### The problem
Look through the entries below for the line with "During Fiscal Year" and the line with "Kupatilo je praktično", then give again exactly those two lines and all lines between them, minus the pictures.

### The data
——————————

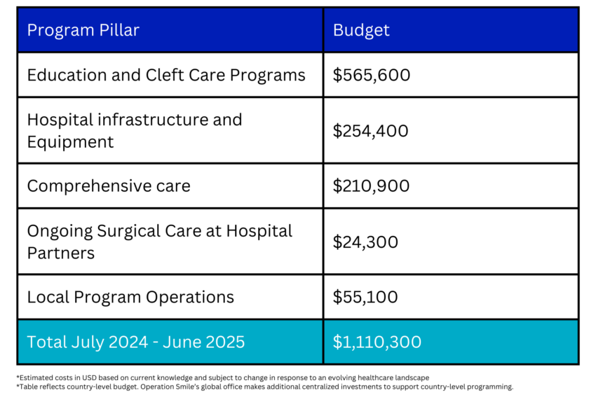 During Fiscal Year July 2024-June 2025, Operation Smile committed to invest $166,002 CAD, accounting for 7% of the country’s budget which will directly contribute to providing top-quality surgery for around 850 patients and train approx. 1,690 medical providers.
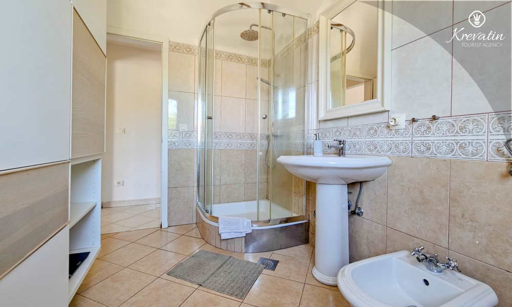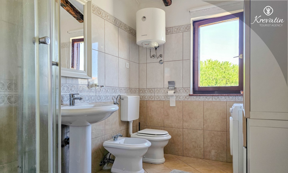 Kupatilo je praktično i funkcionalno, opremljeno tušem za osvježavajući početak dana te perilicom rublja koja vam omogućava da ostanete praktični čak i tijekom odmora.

——————————

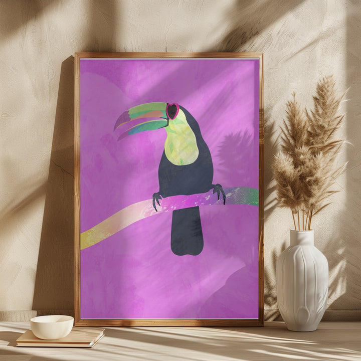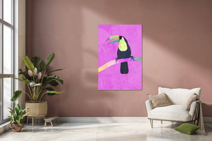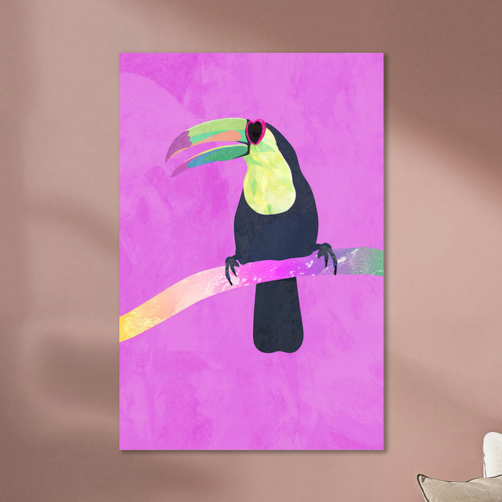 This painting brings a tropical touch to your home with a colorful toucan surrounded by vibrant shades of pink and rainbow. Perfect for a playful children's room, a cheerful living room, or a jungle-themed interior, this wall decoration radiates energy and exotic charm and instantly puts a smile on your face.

——————————

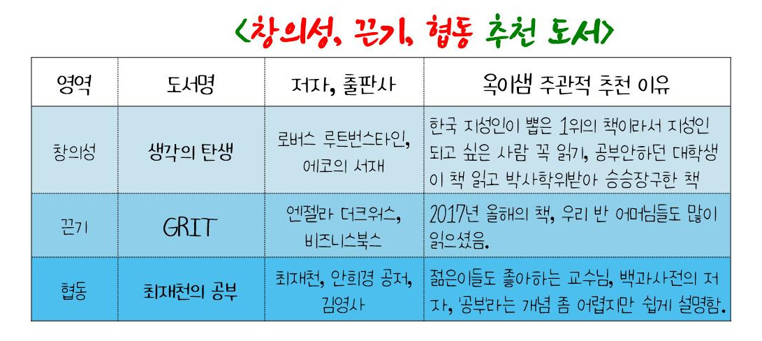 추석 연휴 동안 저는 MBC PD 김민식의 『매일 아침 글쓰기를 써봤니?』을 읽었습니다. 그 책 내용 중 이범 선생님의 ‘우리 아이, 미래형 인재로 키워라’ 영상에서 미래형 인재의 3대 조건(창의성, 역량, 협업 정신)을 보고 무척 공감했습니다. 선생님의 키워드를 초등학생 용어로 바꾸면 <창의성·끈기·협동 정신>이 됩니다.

——————————

### Written reply
 During Fiscal Year July 2024-June 2025, Operation Smile committed to invest $166,002 CAD, accounting for 7% of the country’s budget which will directly contribute to providing top-quality surgery for around 850 patients and train approx. 1,690 medical providers.
 Kupatilo je praktično i funkcionalno, opremljeno tušem za osvježavajući početak dana te perilicom rublja koja vam omogućava da ostanete praktični čak i tijekom odmora.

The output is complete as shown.